"Support For President Buhari In The North Is Now Religious" - Farooq Kperogi


Although Buhari himself isn’t a deeply religious person, his open, full-throated but politically motivated (some would say opportunistic) support for Sharia (at a time no other former president of northern Nigerian Muslim extraction was willing to do so) caused him to be wildly popular among northern Muslim masses and the conservative clerical elite of the region.

Now, Islamic clerics in the north preach that Buhari is divinely ordained to be president and that criticism of his policies amounts to blasphemy . That’s why northern Muslim critics of Buhari like me are seen as heretics—or, worse, not even Muslim at all. I recall a northern Nigerian university teacher and foreign-based PhD student exclaiming “SubhaanAllaah!” when I first shared my criticism of Buhari with him during a WhatsApp chat. He was so distraught you would think I committed blasphemy. So it isn’t just northern Nigerian Muslim masses that literally worship Buhari.

Given the oversized influence of Islamic clerics in shaping public opinion in Muslim northern Nigeria, no amount of logic, evidence-based reasoning, economic hardship, etc. will make the littlest dent on Buhari’s popularity in the Muslim north .

In his widely shared articled titled, “Advice On Buhari Media Centre,” Dr. Aliyu Tilde beautifully captured the complicity of the conservative northern Nigerian Muslim clerical establishment in the deification of President Buhari.

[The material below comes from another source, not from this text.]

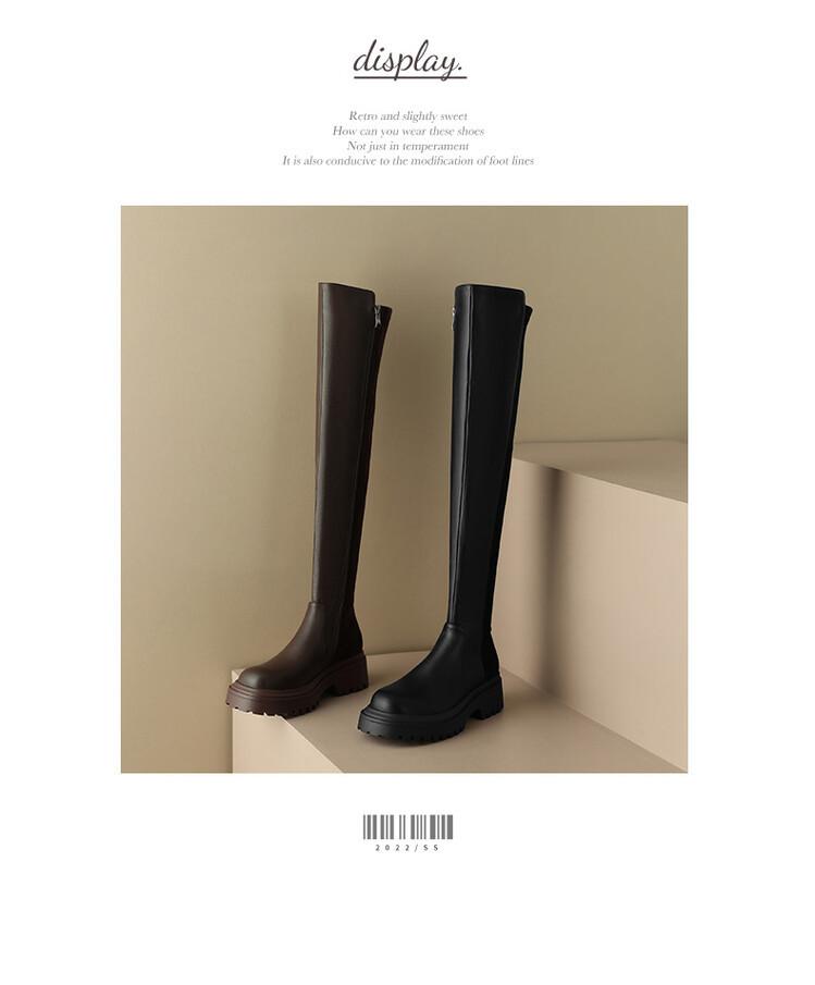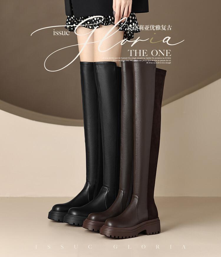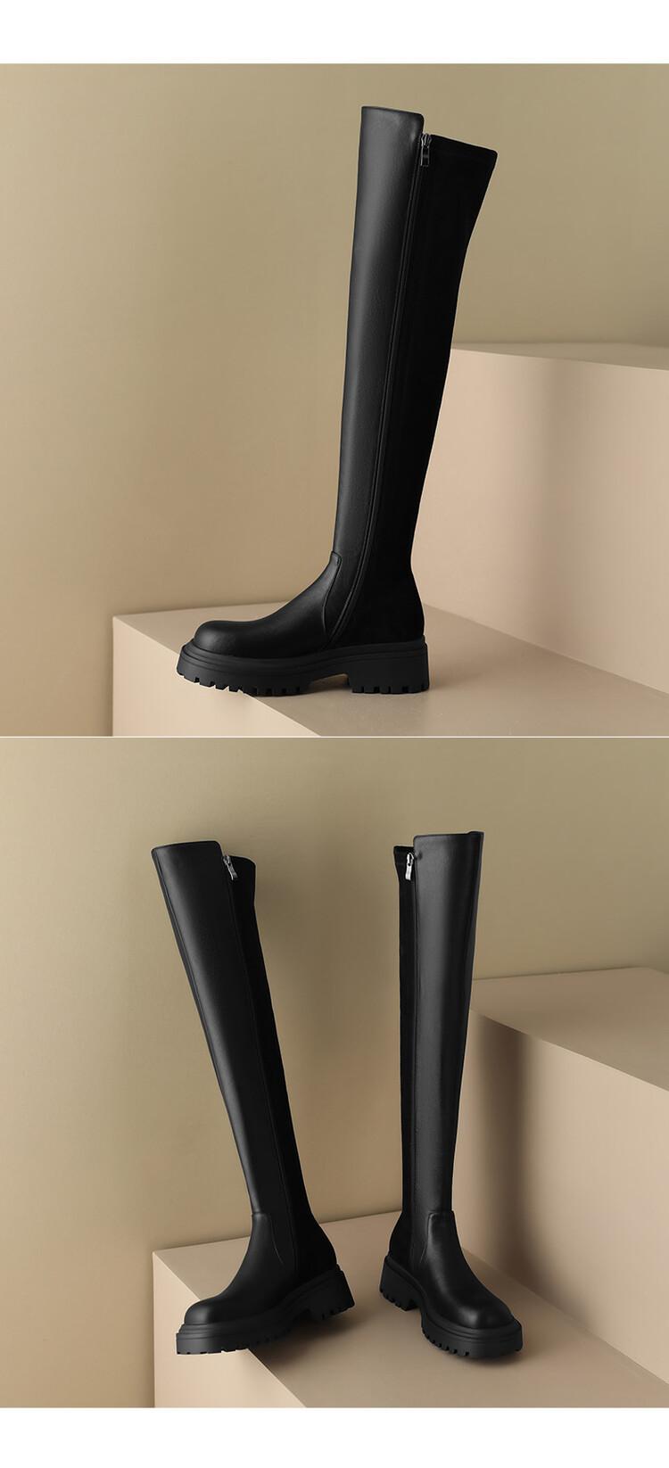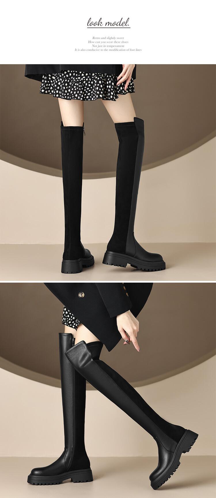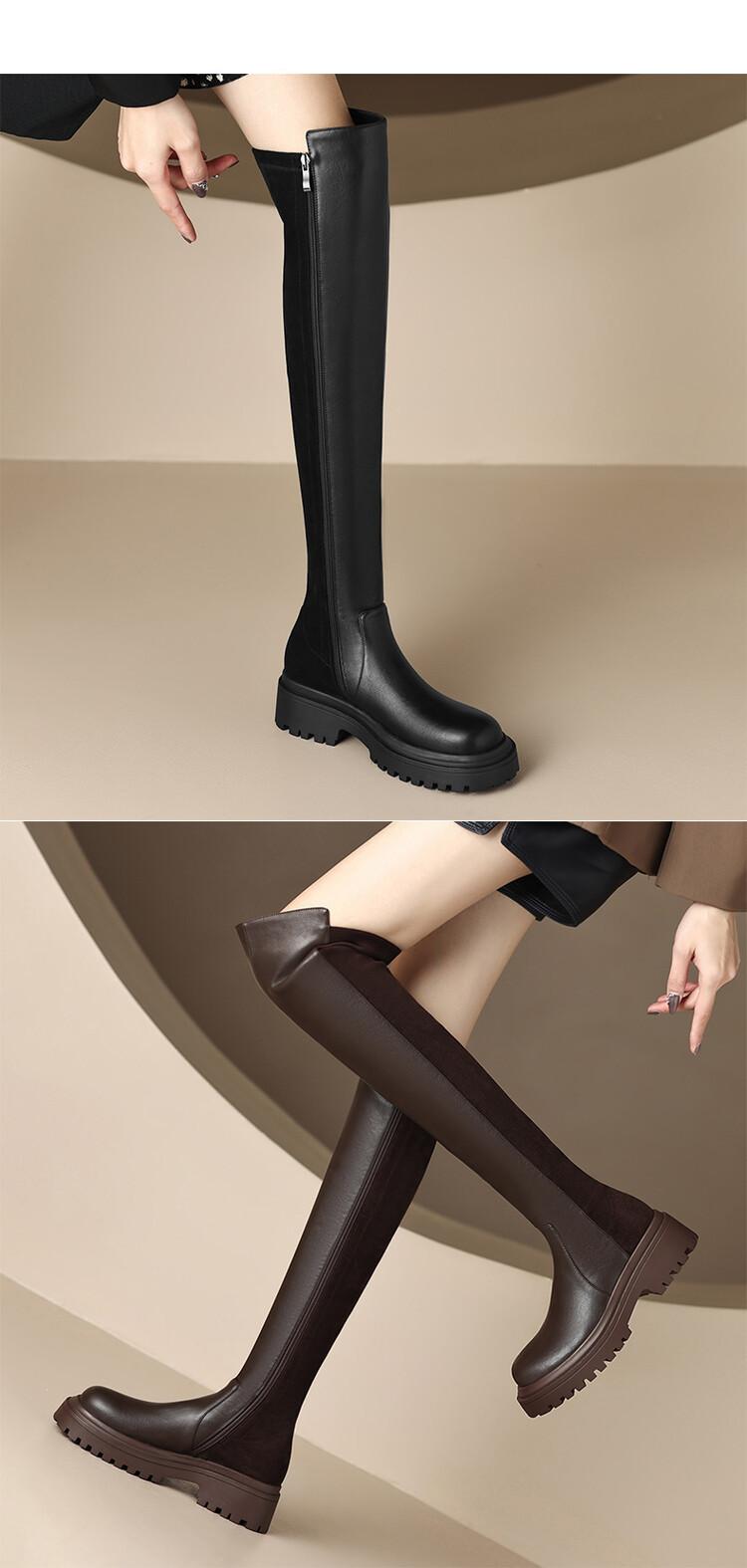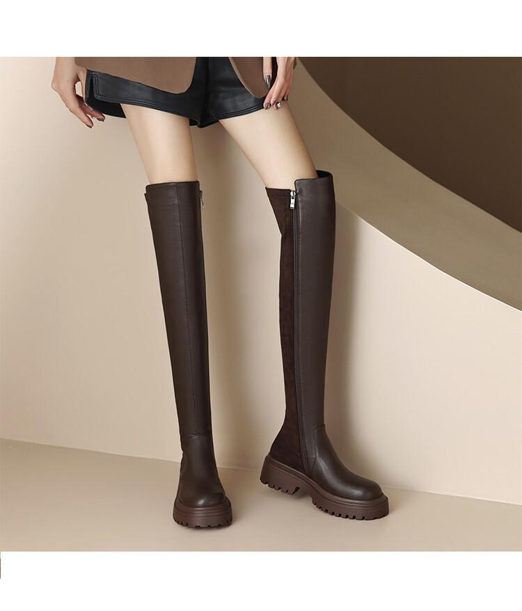 Botas altas hasta el muslo de otoño e invierno para mujer, tacón medio, suela gruesa antideslizante, talla grande, punta redonda, estilo nuevo, gruesas cálidas con cremallera, botas de cuero

“The same thing applies to religious leaders who are invited to the villa (by the President, said one of them) for the same purpose of propaganda,” Dr. Tilde wrote. “They return and tell their followers all sorts of stories that they have met an angel there and witnessed miracles at the foot of Sinai. I just heard a Whatsapp audio of one of them from Sokoto who was telling his followers, amidst Allahu Akbar, this kind of stories: Buhari ya yi kira. Kuna ga sai a zauna?…kun san da Nijeriya ba ta da uba. Yanzu na tai uba. Na je villa, na ga abin ban mamaki… What a shame."

It’s interesting that Buhari was particularly unpopular with the northern Nigerian Muslim clerical establishment in the 1980s. He was resented for a number of reasons. His wife then, as now, made sartorial choices that didn’t conform to the clerics’ expectations of a Muslim woman. Buhari also banned open-air preaching, stopped/drastically reduced state sponsorship of Hajj, and forbade the building of new Jumu’ah mosques without the permission of emirate councils.

This put him at odds with Muslim clerics, particularly the emergent Izala sect, which now enjoys hegemony in northern Nigeria. Sheikh Abubakar Mahmood Gumi, in fact, said during a preaching session that “Allah will not forgive the regimes of Shagari and that of Buhari because they blocked the way of Allah.”

Fast-forward to the 2000s and Buhari’s support for Sharia when it wasn’t politically wise to do so, especially by a former head of state, set the stage for his deification and worship by a clerical elite that a generation ago invoked curses on him. In a way, Buhari is reaping the “benefits” of the choices he made in 2001.

Now millions of people in the Muslim north would rather die than withhold support for Buhari, however much his government’s policies, or lack thereof, smolder them. Support for Buhari in the Muslim north isn’t just politics; it’s now religion . There is no precedent for this in Nigeria’s history.